=== Begin Enclosure ===
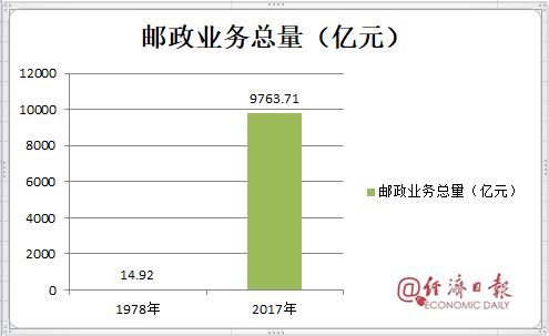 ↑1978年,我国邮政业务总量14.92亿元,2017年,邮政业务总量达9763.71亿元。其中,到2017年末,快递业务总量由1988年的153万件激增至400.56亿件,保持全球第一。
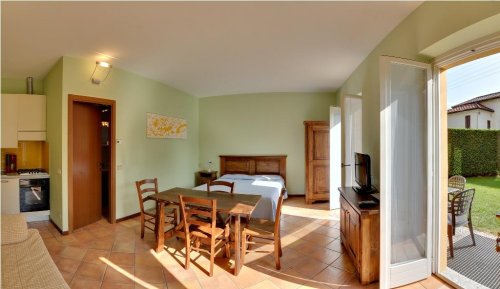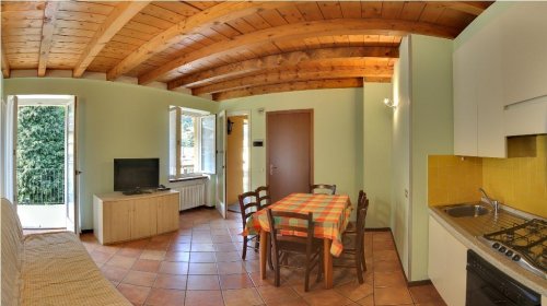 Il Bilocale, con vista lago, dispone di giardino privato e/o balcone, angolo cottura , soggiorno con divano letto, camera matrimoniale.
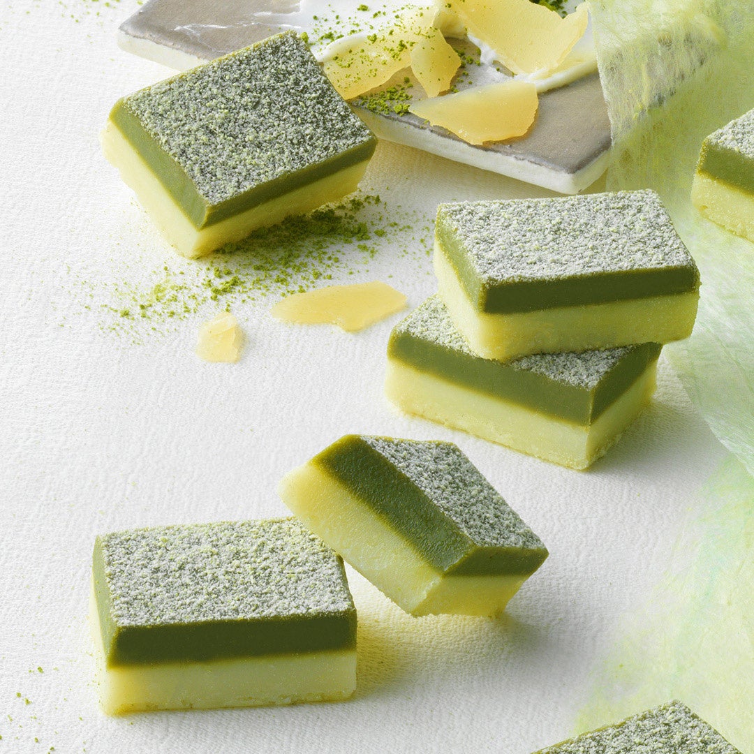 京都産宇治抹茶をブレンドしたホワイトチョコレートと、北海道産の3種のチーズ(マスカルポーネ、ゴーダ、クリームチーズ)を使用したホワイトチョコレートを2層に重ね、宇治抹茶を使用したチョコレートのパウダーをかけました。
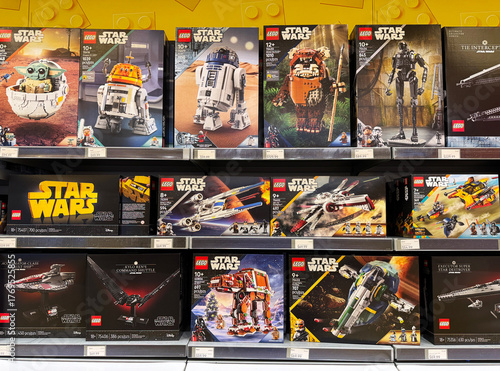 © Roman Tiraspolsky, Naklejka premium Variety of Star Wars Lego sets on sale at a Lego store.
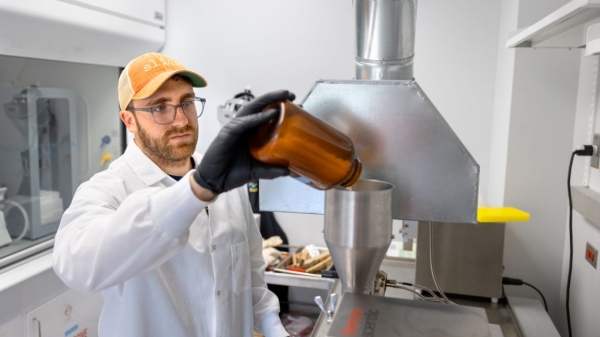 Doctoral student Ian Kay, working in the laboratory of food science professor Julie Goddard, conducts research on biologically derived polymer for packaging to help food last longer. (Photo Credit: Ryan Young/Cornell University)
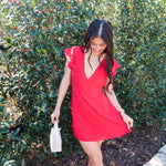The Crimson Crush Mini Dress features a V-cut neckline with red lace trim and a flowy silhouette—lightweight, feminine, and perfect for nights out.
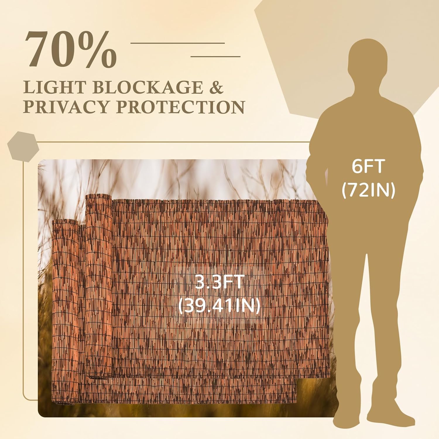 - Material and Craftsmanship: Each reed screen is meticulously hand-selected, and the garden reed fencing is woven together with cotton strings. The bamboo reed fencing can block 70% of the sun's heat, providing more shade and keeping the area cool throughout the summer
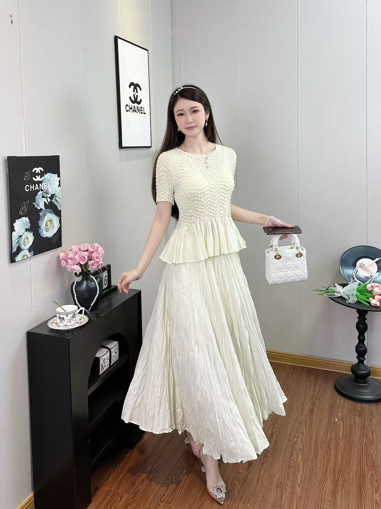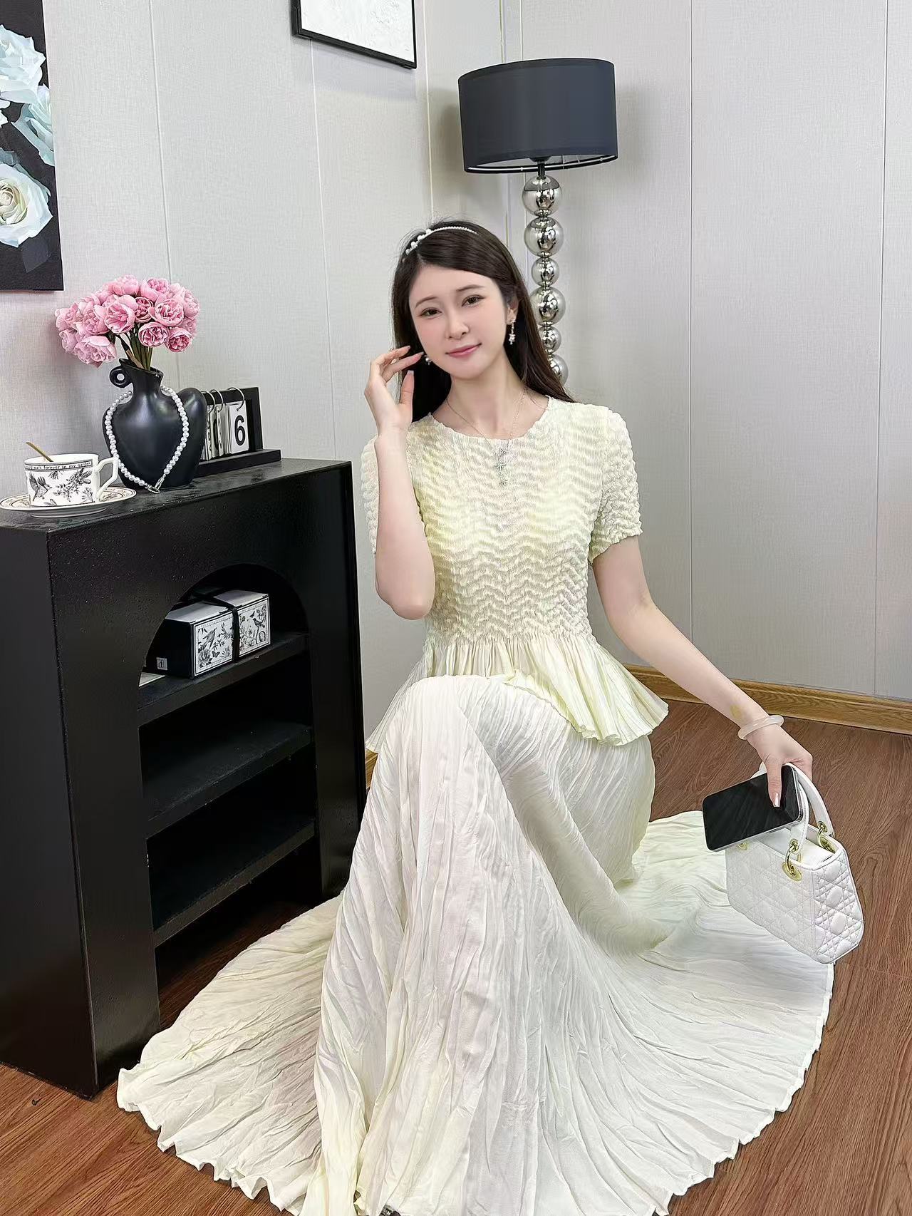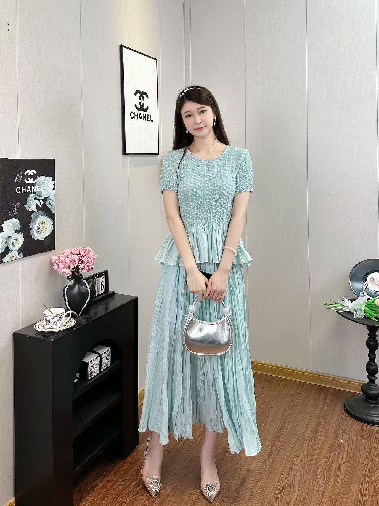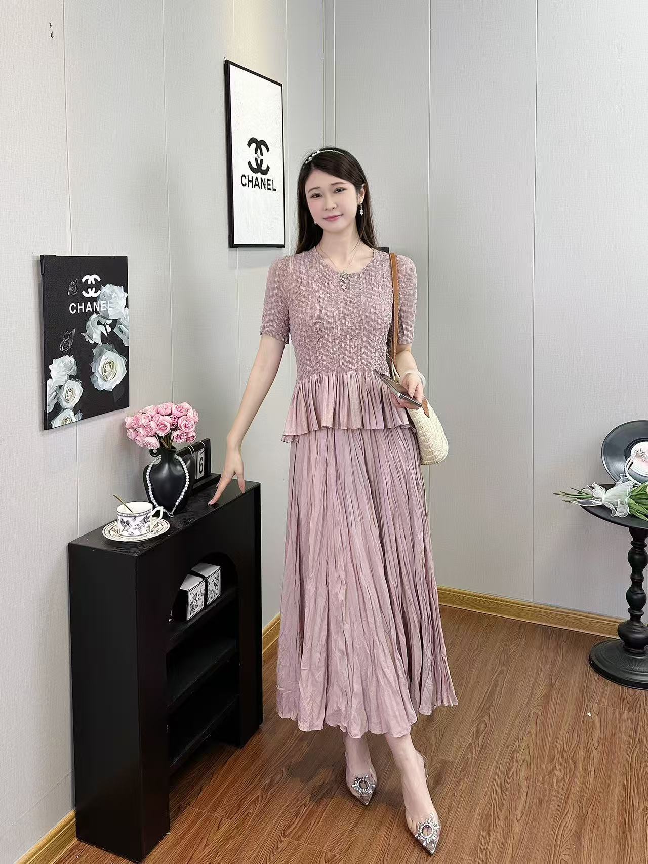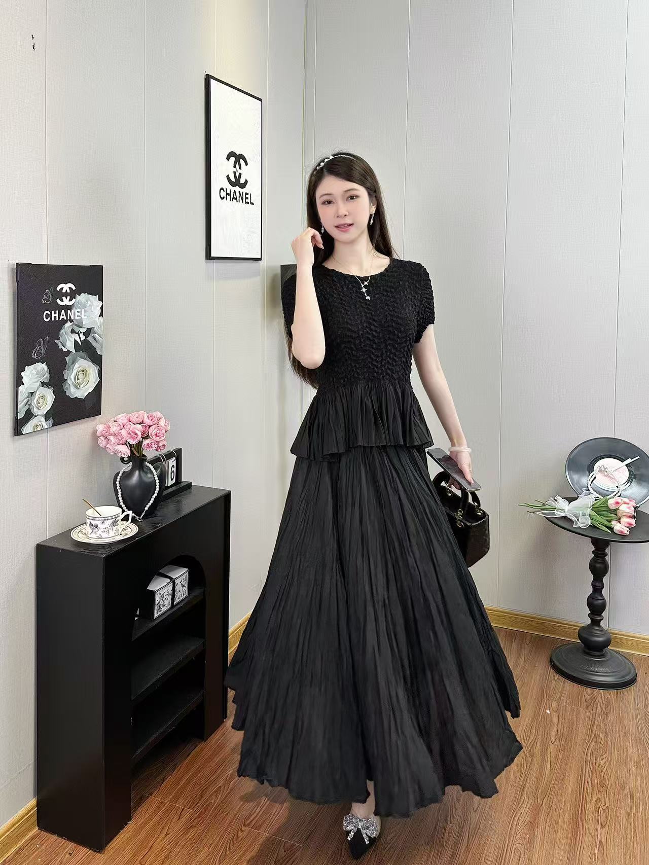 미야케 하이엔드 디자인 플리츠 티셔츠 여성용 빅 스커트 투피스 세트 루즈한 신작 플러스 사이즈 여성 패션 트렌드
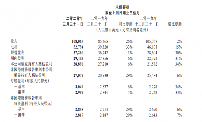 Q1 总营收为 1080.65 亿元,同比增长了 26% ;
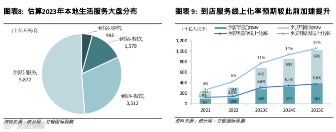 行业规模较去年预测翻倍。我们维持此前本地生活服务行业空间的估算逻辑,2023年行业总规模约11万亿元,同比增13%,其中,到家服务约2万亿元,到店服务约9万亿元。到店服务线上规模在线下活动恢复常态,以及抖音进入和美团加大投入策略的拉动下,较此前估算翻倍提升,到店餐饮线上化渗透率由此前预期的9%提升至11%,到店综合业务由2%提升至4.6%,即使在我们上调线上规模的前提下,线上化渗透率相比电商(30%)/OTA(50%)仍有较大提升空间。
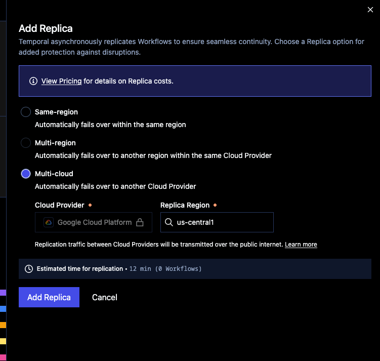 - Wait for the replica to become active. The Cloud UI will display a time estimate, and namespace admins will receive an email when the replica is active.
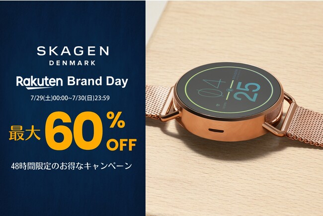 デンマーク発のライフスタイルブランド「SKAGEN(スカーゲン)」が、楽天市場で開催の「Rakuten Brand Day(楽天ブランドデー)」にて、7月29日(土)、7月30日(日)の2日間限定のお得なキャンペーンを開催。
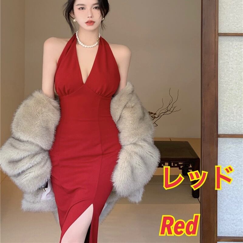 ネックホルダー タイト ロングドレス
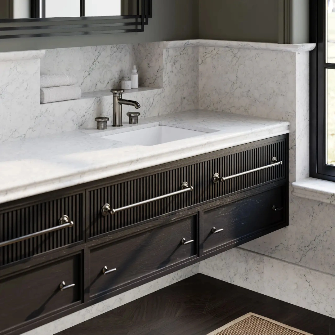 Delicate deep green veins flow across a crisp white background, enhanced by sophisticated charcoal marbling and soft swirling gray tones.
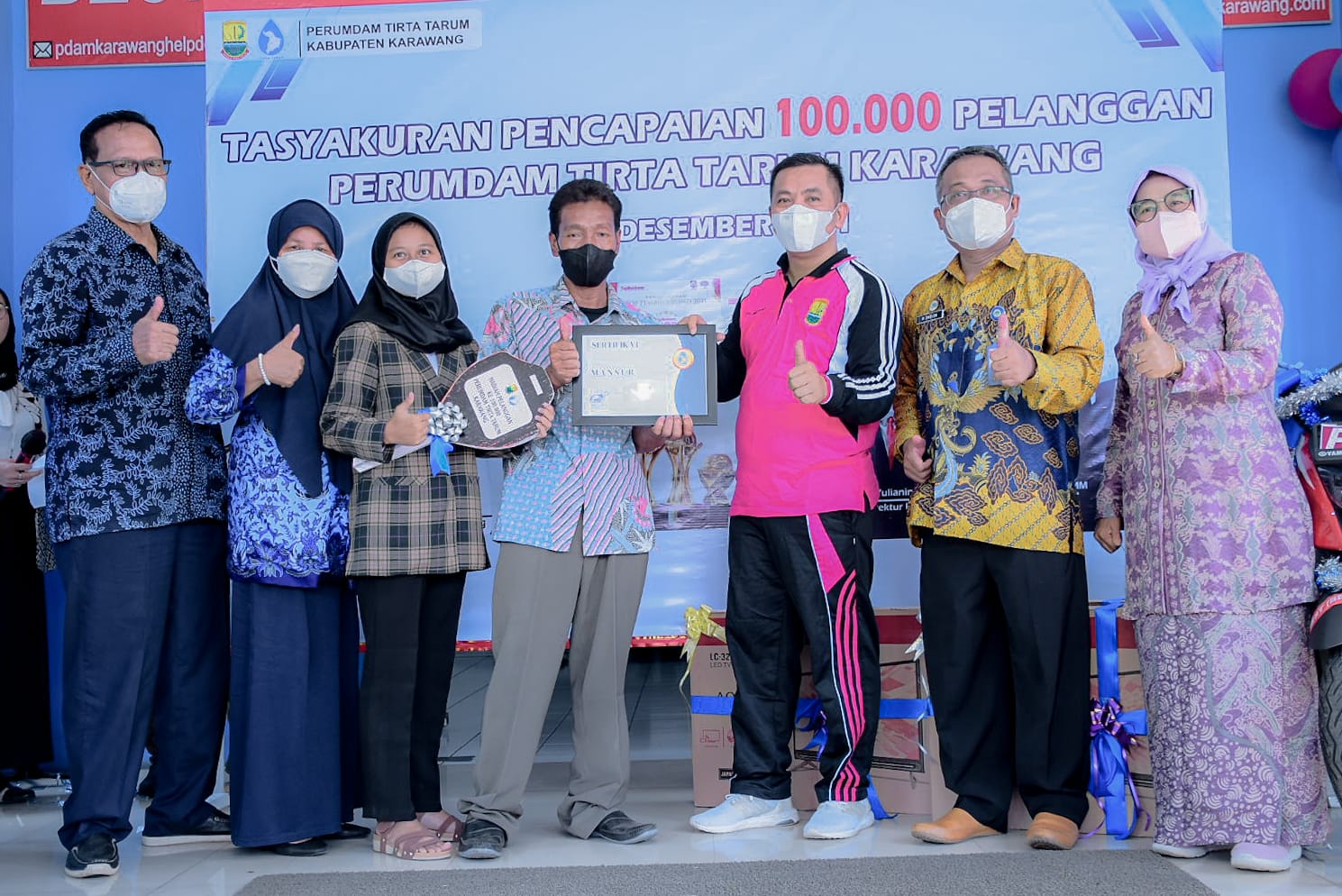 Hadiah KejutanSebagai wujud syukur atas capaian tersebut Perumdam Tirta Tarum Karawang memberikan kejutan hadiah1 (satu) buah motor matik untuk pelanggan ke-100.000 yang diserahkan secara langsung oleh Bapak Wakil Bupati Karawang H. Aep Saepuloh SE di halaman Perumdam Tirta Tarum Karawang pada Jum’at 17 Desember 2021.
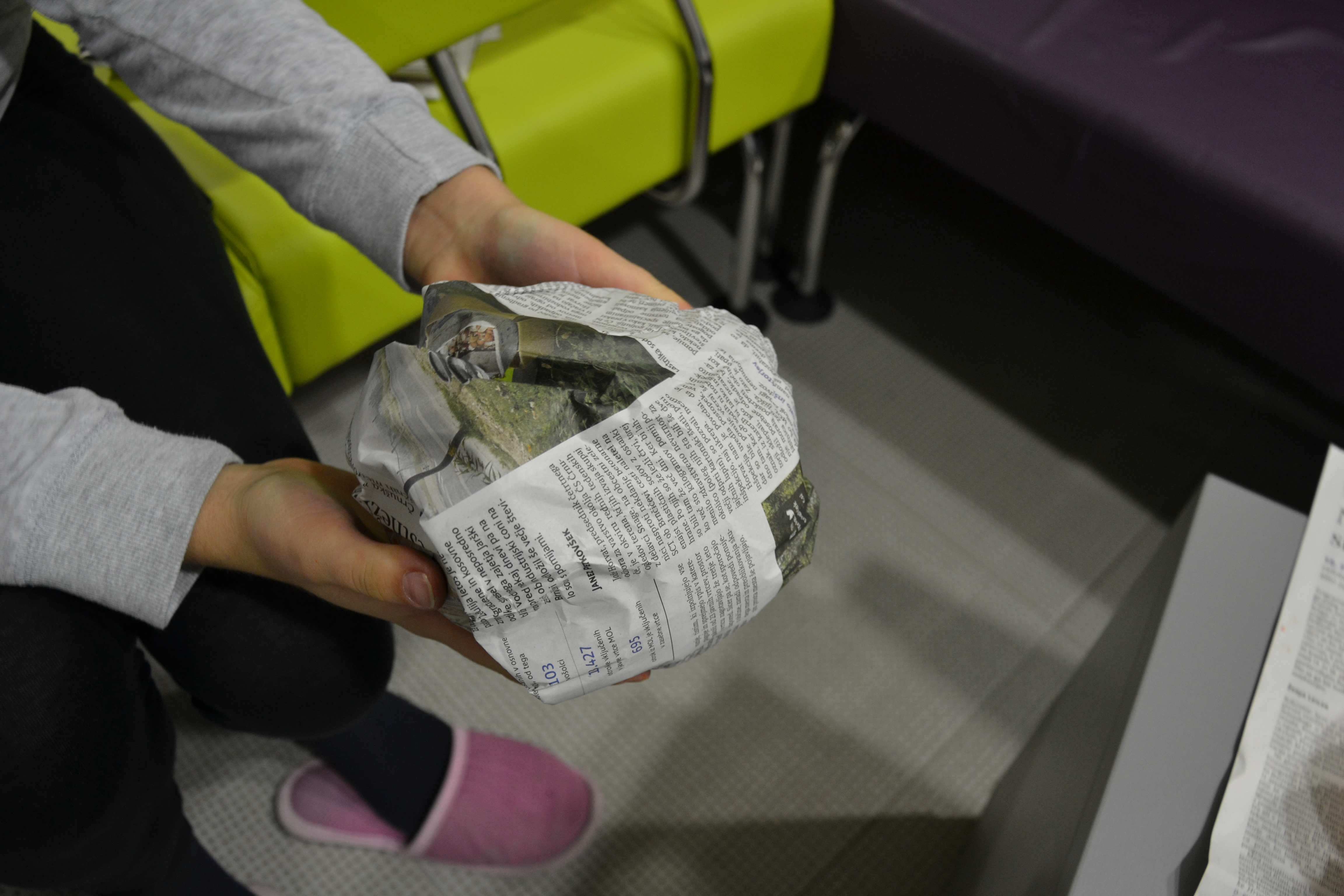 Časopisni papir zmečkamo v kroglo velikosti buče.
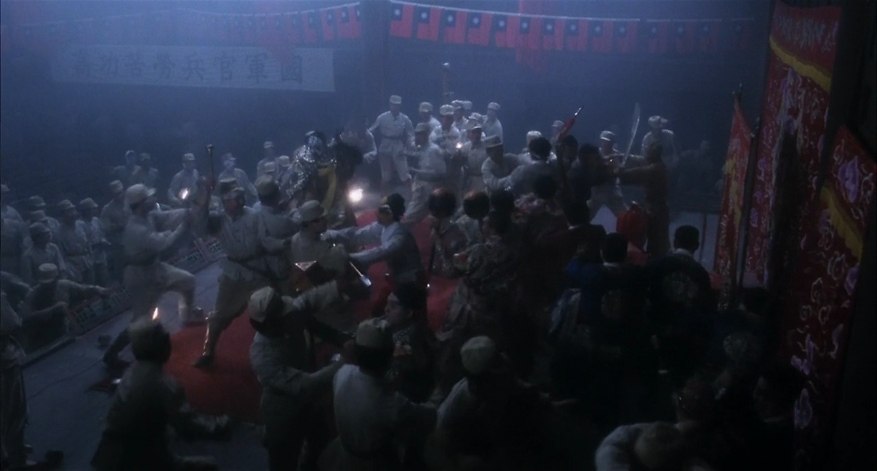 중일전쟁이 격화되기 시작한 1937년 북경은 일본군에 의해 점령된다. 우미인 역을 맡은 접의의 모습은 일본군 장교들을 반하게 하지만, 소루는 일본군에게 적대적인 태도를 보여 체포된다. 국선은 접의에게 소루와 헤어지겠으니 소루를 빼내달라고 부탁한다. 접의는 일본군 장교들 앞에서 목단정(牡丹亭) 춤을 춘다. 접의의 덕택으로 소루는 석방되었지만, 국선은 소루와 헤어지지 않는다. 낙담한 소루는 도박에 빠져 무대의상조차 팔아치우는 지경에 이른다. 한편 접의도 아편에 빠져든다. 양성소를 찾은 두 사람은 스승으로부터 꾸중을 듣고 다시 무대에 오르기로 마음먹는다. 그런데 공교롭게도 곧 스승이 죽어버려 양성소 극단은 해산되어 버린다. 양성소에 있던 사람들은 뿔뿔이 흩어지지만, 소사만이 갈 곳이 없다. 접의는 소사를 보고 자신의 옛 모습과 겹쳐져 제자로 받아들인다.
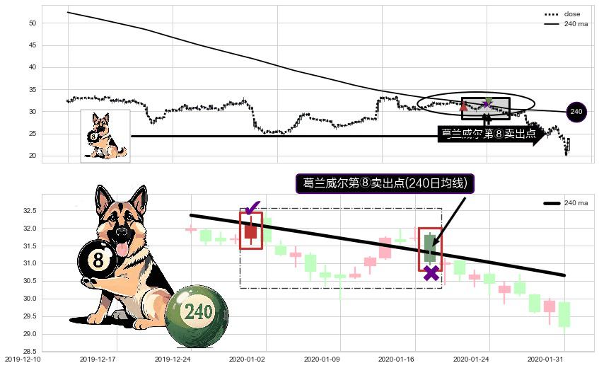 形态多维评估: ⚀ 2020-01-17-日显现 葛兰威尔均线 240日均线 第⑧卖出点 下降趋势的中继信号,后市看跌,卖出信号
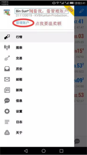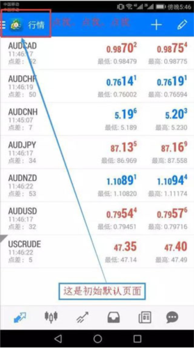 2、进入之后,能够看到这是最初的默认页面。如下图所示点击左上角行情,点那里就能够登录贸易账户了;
=== End Enclosure ===
An exact copy of the entries above is required; pictures are not part of it.

- Answer to this problem:
 ↑1978年,我国邮政业务总量14.92亿元,2017年,邮政业务总量达9763.71亿元。其中,到2017年末,快递业务总量由1988年的153万件激增至400.56亿件,保持全球第一。
 Il Bilocale, con vista lago, dispone di giardino privato e/o balcone, angolo cottura , soggiorno con divano letto, camera matrimoniale.
 京都産宇治抹茶をブレンドしたホワイトチョコレートと、北海道産の3種のチーズ(マスカルポーネ、ゴーダ、クリームチーズ)を使用したホワイトチョコレートを2層に重ね、宇治抹茶を使用したチョコレートのパウダーをかけました。
 © Roman Tiraspolsky, Naklejka premium Variety of Star Wars Lego sets on sale at a Lego store.
 Doctoral student Ian Kay, working in the laboratory of food science professor Julie Goddard, conducts research on biologically derived polymer for packaging to help food last longer. (Photo Credit: Ryan Young/Cornell University)
The Crimson Crush Mini Dress features a V-cut neckline with red lace trim and a flowy silhouette—lightweight, feminine, and perfect for nights out.
 - Material and Craftsmanship: Each reed screen is meticulously hand-selected, and the garden reed fencing is woven together with cotton strings. The bamboo reed fencing can block 70% of the sun's heat, providing more shade and keeping the area cool throughout the summer
 미야케 하이엔드 디자인 플리츠 티셔츠 여성용 빅 스커트 투피스 세트 루즈한 신작 플러스 사이즈 여성 패션 트렌드
 Q1 总营收为 1080.65 亿元,同比增长了 26% ;
 行业规模较去年预测翻倍。我们维持此前本地生活服务行业空间的估算逻辑,2023年行业总规模约11万亿元,同比增13%,其中,到家服务约2万亿元,到店服务约9万亿元。到店服务线上规模在线下活动恢复常态,以及抖音进入和美团加大投入策略的拉动下,较此前估算翻倍提升,到店餐饮线上化渗透率由此前预期的9%提升至11%,到店综合业务由2%提升至4.6%,即使在我们上调线上规模的前提下,线上化渗透率相比电商(30%)/OTA(50%)仍有较大提升空间。
 - Wait for the replica to become active. The Cloud UI will display a time estimate, and namespace admins will receive an email when the replica is active.
 デンマーク発のライフスタイルブランド「SKAGEN(スカーゲン)」が、楽天市場で開催の「Rakuten Brand Day(楽天ブランドデー)」にて、7月29日(土)、7月30日(日)の2日間限定のお得なキャンペーンを開催。
 ネックホルダー タイト ロングドレス
 Delicate deep green veins flow across a crisp white background, enhanced by sophisticated charcoal marbling and soft swirling gray tones.
 Hadiah KejutanSebagai wujud syukur atas capaian tersebut Perumdam Tirta Tarum Karawang memberikan kejutan hadiah1 (satu) buah motor matik untuk pelanggan ke-100.000 yang diserahkan secara langsung oleh Bapak Wakil Bupati Karawang H. Aep Saepuloh SE di halaman Perumdam Tirta Tarum Karawang pada Jum’at 17 Desember 2021.
 Časopisni papir zmečkamo v kroglo velikosti buče.
 중일전쟁이 격화되기 시작한 1937년 북경은 일본군에 의해 점령된다. 우미인 역을 맡은 접의의 모습은 일본군 장교들을 반하게 하지만, 소루는 일본군에게 적대적인 태도를 보여 체포된다. 국선은 접의에게 소루와 헤어지겠으니 소루를 빼내달라고 부탁한다. 접의는 일본군 장교들 앞에서 목단정(牡丹亭) 춤을 춘다. 접의의 덕택으로 소루는 석방되었지만, 국선은 소루와 헤어지지 않는다. 낙담한 소루는 도박에 빠져 무대의상조차 팔아치우는 지경에 이른다. 한편 접의도 아편에 빠져든다. 양성소를 찾은 두 사람은 스승으로부터 꾸중을 듣고 다시 무대에 오르기로 마음먹는다. 그런데 공교롭게도 곧 스승이 죽어버려 양성소 극단은 해산되어 버린다. 양성소에 있던 사람들은 뿔뿔이 흩어지지만, 소사만이 갈 곳이 없다. 접의는 소사를 보고 자신의 옛 모습과 겹쳐져 제자로 받아들인다.
 形态多维评估: ⚀ 2020-01-17-日显现 葛兰威尔均线 240日均线 第⑧卖出点 下降趋势的中继信号,后市看跌,卖出信号
 2、进入之后,能够看到这是最初的默认页面。如下图所示点击左上角行情,点那里就能够登录贸易账户了;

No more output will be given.